WHAT YOU NEED TO DO ->
All entries must come back exactly as given, with no pictures in the copy.

== DATA PROVIDED

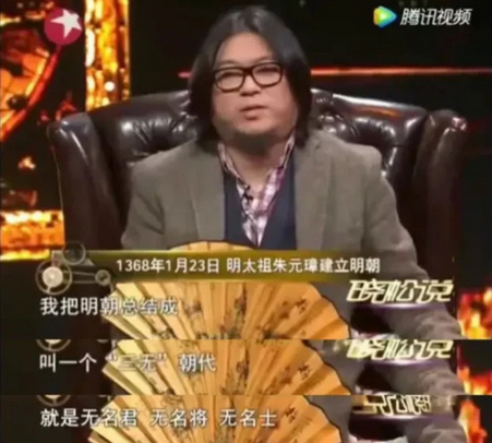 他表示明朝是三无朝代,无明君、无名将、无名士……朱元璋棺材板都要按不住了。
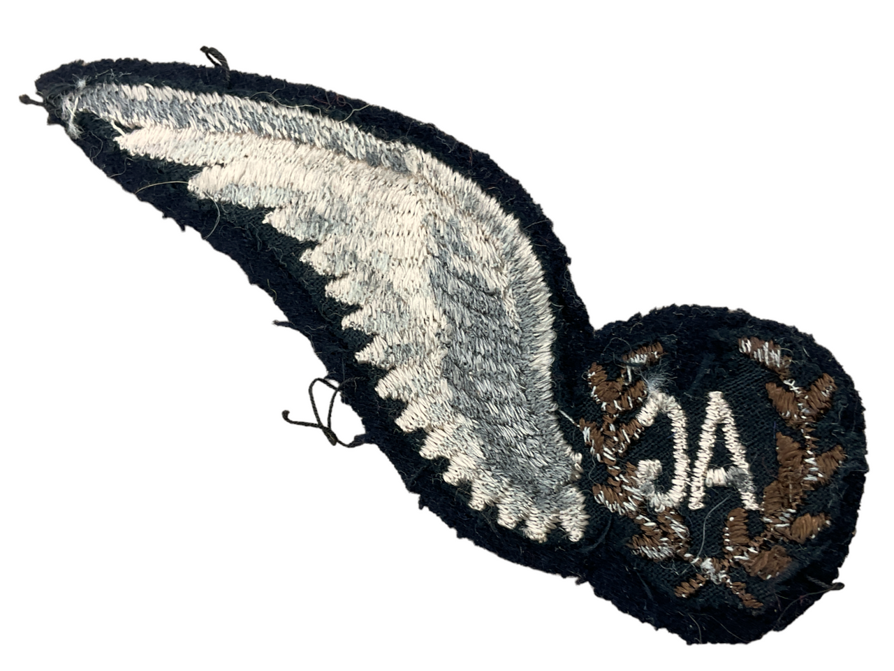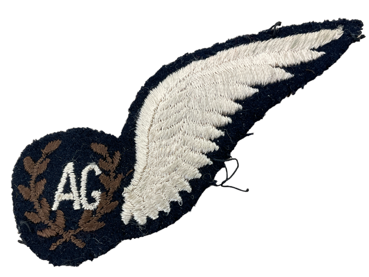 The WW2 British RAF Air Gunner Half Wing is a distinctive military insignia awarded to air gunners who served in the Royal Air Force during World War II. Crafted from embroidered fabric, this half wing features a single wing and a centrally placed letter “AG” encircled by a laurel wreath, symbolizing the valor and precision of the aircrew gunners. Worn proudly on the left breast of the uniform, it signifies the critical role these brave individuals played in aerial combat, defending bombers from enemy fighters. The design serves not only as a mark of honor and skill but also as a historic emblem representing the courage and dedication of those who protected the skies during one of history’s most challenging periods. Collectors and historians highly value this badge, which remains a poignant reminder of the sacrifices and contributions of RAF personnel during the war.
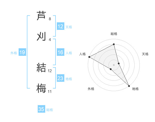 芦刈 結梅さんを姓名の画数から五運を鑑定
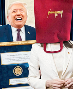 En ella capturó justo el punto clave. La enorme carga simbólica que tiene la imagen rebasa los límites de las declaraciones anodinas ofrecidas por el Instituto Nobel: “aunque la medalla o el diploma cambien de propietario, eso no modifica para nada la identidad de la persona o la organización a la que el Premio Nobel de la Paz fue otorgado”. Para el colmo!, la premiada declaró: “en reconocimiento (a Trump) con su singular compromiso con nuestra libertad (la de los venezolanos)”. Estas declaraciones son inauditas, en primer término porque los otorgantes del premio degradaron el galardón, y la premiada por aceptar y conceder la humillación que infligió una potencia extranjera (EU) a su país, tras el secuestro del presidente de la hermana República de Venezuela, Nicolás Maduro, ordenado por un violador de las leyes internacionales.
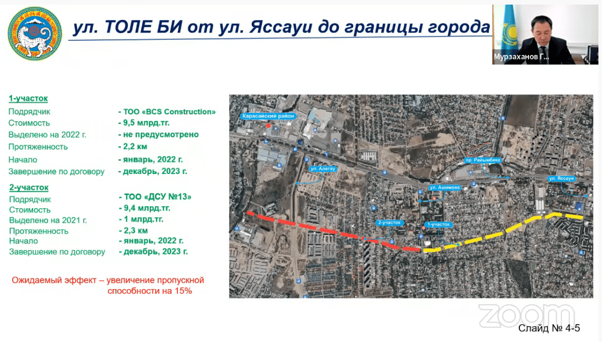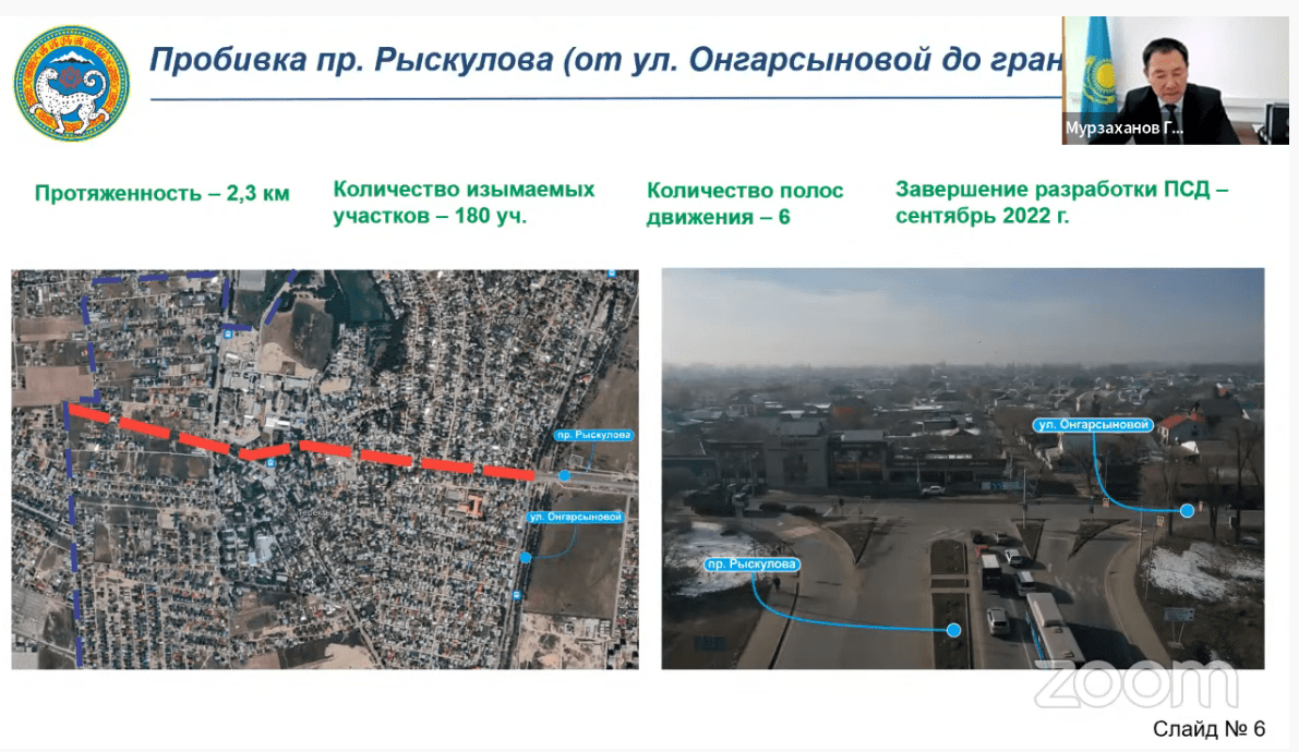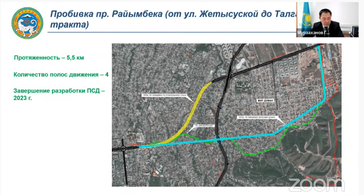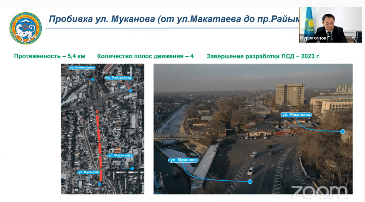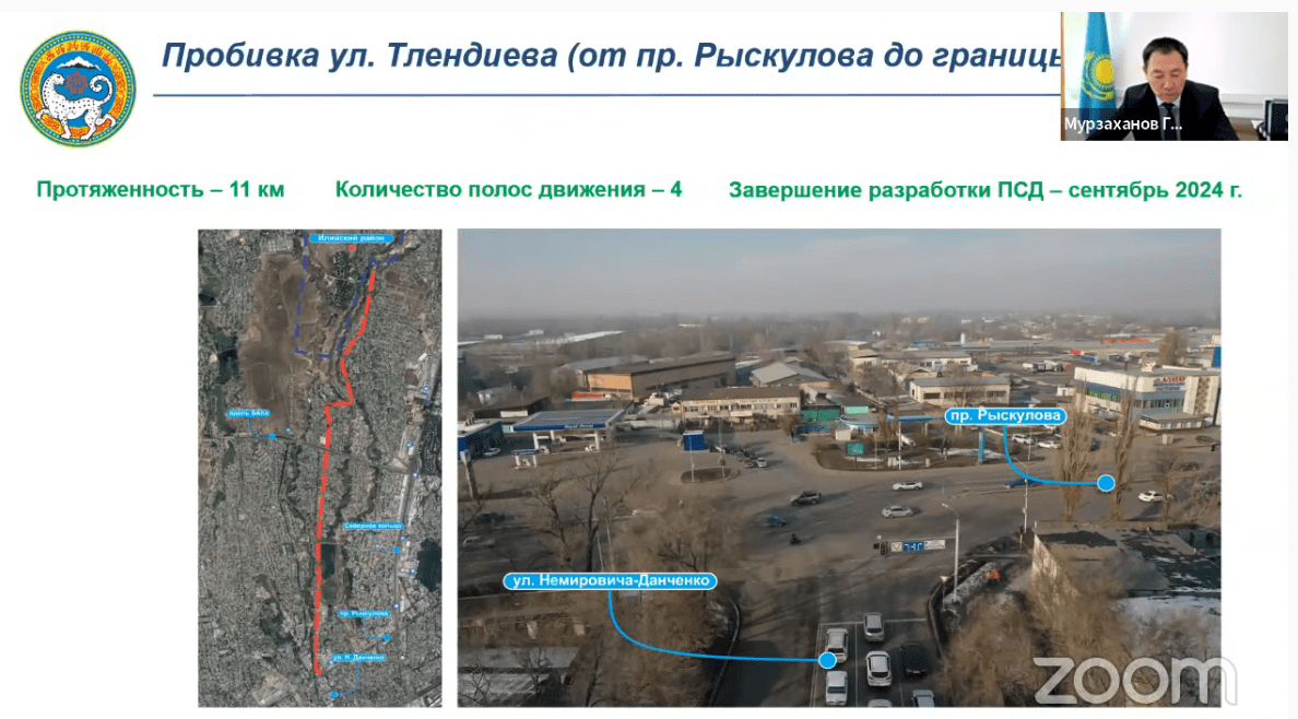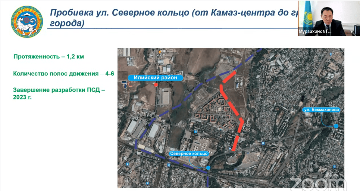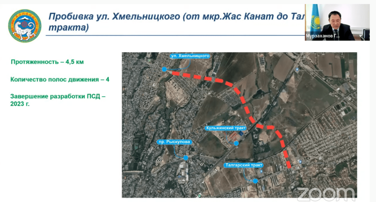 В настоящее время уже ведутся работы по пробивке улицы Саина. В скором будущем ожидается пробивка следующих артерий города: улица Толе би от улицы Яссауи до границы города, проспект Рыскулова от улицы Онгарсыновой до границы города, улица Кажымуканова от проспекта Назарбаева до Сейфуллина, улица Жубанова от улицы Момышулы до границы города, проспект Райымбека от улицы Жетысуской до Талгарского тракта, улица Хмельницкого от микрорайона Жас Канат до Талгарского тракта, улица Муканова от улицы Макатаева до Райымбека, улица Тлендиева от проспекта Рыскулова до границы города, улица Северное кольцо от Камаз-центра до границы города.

====

ANSWER TO THIS PROBLEM ->
 他表示明朝是三无朝代,无明君、无名将、无名士……朱元璋棺材板都要按不住了。
 The WW2 British RAF Air Gunner Half Wing is a distinctive military insignia awarded to air gunners who served in the Royal Air Force during World War II. Crafted from embroidered fabric, this half wing features a single wing and a centrally placed letter “AG” encircled by a laurel wreath, symbolizing the valor and precision of the aircrew gunners. Worn proudly on the left breast of the uniform, it signifies the critical role these brave individuals played in aerial combat, defending bombers from enemy fighters. The design serves not only as a mark of honor and skill but also as a historic emblem representing the courage and dedication of those who protected the skies during one of history’s most challenging periods. Collectors and historians highly value this badge, which remains a poignant reminder of the sacrifices and contributions of RAF personnel during the war.
 芦刈 結梅さんを姓名の画数から五運を鑑定
 En ella capturó justo el punto clave. La enorme carga simbólica que tiene la imagen rebasa los límites de las declaraciones anodinas ofrecidas por el Instituto Nobel: “aunque la medalla o el diploma cambien de propietario, eso no modifica para nada la identidad de la persona o la organización a la que el Premio Nobel de la Paz fue otorgado”. Para el colmo!, la premiada declaró: “en reconocimiento (a Trump) con su singular compromiso con nuestra libertad (la de los venezolanos)”. Estas declaraciones son inauditas, en primer término porque los otorgantes del premio degradaron el galardón, y la premiada por aceptar y conceder la humillación que infligió una potencia extranjera (EU) a su país, tras el secuestro del presidente de la hermana República de Venezuela, Nicolás Maduro, ordenado por un violador de las leyes internacionales.
 В настоящее время уже ведутся работы по пробивке улицы Саина. В скором будущем ожидается пробивка следующих артерий города: улица Толе би от улицы Яссауи до границы города, проспект Рыскулова от улицы Онгарсыновой до границы города, улица Кажымуканова от проспекта Назарбаева до Сейфуллина, улица Жубанова от улицы Момышулы до границы города, проспект Райымбека от улицы Жетысуской до Талгарского тракта, улица Хмельницкого от микрорайона Жас Канат до Талгарского тракта, улица Муканова от улицы Макатаева до Райымбека, улица Тлендиева от проспекта Рыскулова до границы города, улица Северное кольцо от Камаз-центра до границы города.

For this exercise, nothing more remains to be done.